Return every record below exactly as given, images excluded.

Information shown START

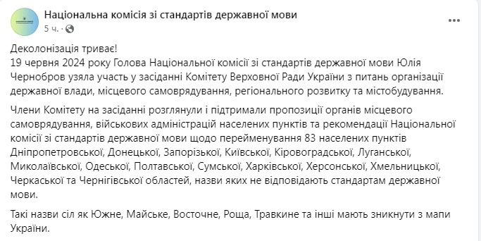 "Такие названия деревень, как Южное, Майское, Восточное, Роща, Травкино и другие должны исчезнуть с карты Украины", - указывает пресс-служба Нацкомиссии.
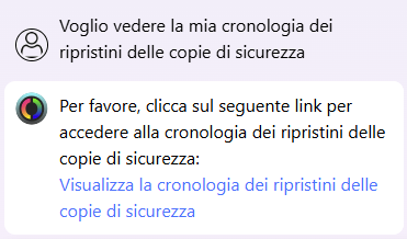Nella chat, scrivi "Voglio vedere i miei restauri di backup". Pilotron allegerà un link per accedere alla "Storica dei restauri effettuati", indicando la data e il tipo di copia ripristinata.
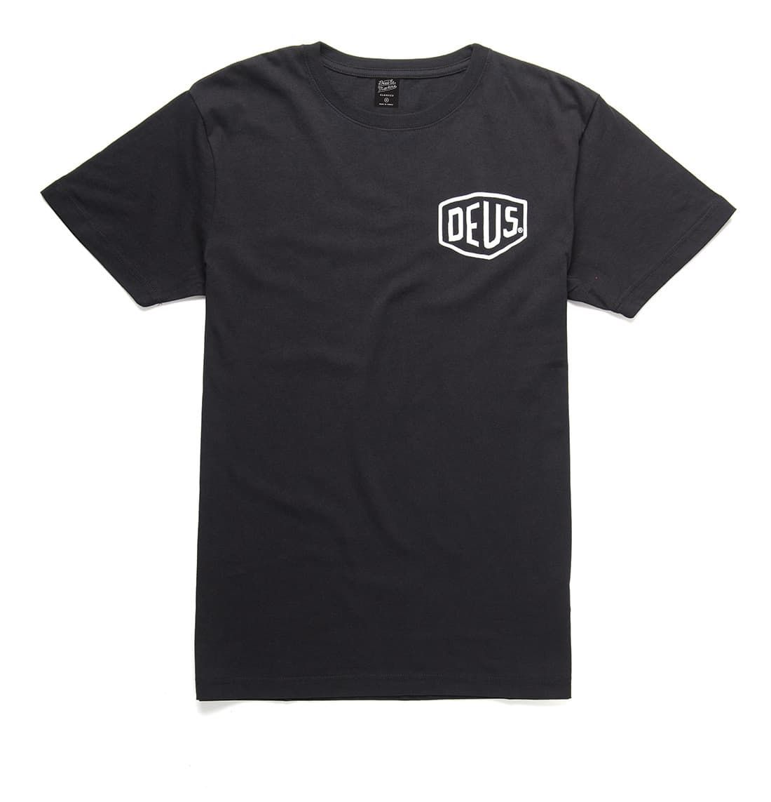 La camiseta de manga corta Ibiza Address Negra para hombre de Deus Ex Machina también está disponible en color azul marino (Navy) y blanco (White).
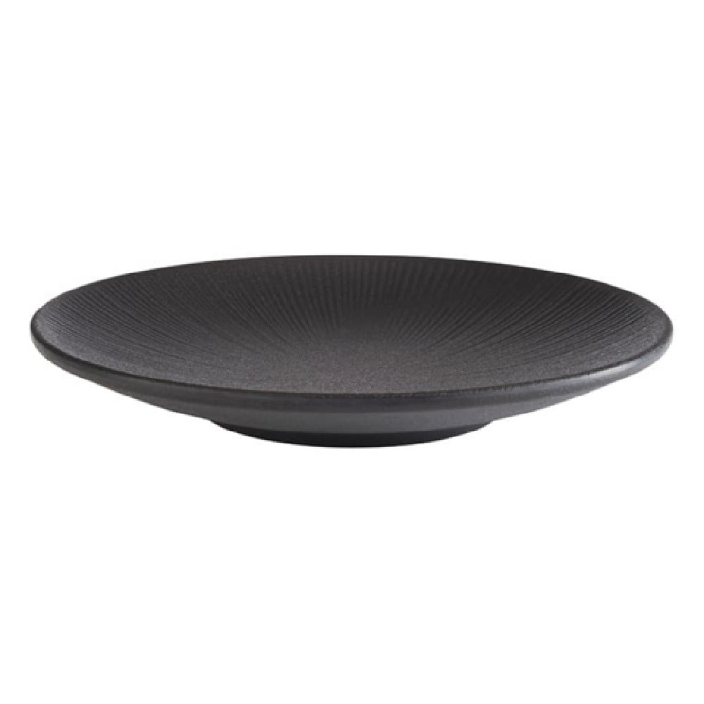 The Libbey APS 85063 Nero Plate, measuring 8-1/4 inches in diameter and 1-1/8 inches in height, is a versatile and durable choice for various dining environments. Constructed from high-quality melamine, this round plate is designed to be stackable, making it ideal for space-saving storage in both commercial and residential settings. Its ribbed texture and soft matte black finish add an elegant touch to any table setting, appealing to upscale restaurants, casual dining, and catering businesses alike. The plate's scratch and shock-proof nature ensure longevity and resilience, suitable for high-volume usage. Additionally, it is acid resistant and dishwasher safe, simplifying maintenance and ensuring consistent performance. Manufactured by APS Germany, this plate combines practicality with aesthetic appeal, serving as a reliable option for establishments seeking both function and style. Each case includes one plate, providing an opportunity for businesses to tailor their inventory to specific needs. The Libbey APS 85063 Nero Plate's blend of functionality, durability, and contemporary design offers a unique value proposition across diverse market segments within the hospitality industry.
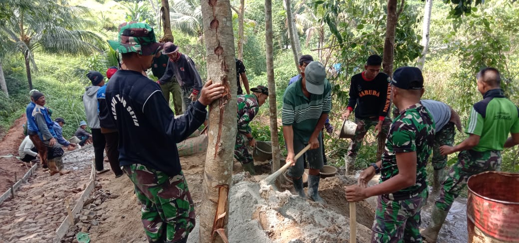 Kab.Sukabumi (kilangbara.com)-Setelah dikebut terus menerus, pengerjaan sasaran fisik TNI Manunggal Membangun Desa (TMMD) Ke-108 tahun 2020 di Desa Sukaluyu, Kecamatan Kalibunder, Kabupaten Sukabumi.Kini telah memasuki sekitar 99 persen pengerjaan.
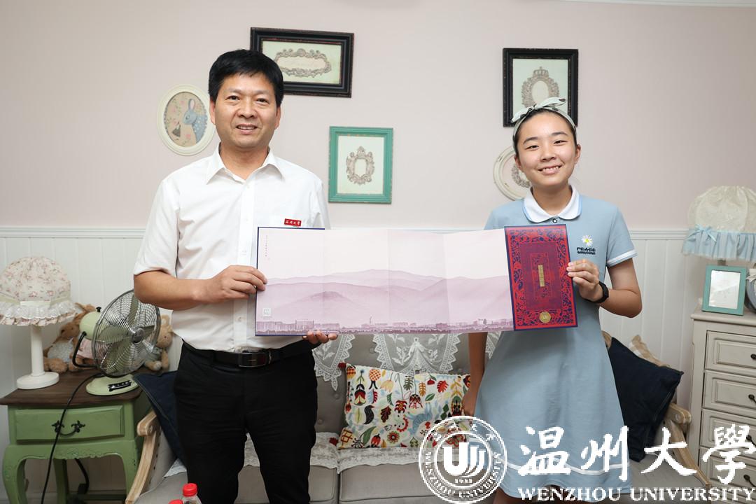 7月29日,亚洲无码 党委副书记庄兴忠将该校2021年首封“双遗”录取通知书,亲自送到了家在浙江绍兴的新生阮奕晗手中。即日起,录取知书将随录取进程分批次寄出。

Information shown END

## Written answer
 "Такие названия деревень, как Южное, Майское, Восточное, Роща, Травкино и другие должны исчезнуть с карты Украины", - указывает пресс-служба Нацкомиссии.
Nella chat, scrivi "Voglio vedere i miei restauri di backup". Pilotron allegerà un link per accedere alla "Storica dei restauri effettuati", indicando la data e il tipo di copia ripristinata.
 La camiseta de manga corta Ibiza Address Negra para hombre de Deus Ex Machina también está disponible en color azul marino (Navy) y blanco (White).
 The Libbey APS 85063 Nero Plate, measuring 8-1/4 inches in diameter and 1-1/8 inches in height, is a versatile and durable choice for various dining environments. Constructed from high-quality melamine, this round plate is designed to be stackable, making it ideal for space-saving storage in both commercial and residential settings. Its ribbed texture and soft matte black finish add an elegant touch to any table setting, appealing to upscale restaurants, casual dining, and catering businesses alike. The plate's scratch and shock-proof nature ensure longevity and resilience, suitable for high-volume usage. Additionally, it is acid resistant and dishwasher safe, simplifying maintenance and ensuring consistent performance. Manufactured by APS Germany, this plate combines practicality with aesthetic appeal, serving as a reliable option for establishments seeking both function and style. Each case includes one plate, providing an opportunity for businesses to tailor their inventory to specific needs. The Libbey APS 85063 Nero Plate's blend of functionality, durability, and contemporary design offers a unique value proposition across diverse market segments within the hospitality industry.
 Kab.Sukabumi (kilangbara.com)-Setelah dikebut terus menerus, pengerjaan sasaran fisik TNI Manunggal Membangun Desa (TMMD) Ke-108 tahun 2020 di Desa Sukaluyu, Kecamatan Kalibunder, Kabupaten Sukabumi.Kini telah memasuki sekitar 99 persen pengerjaan.
 7月29日,亚洲无码 党委副书记庄兴忠将该校2021年首封“双遗”录取通知书,亲自送到了家在浙江绍兴的新生阮奕晗手中。即日起,录取知书将随录取进程分批次寄出。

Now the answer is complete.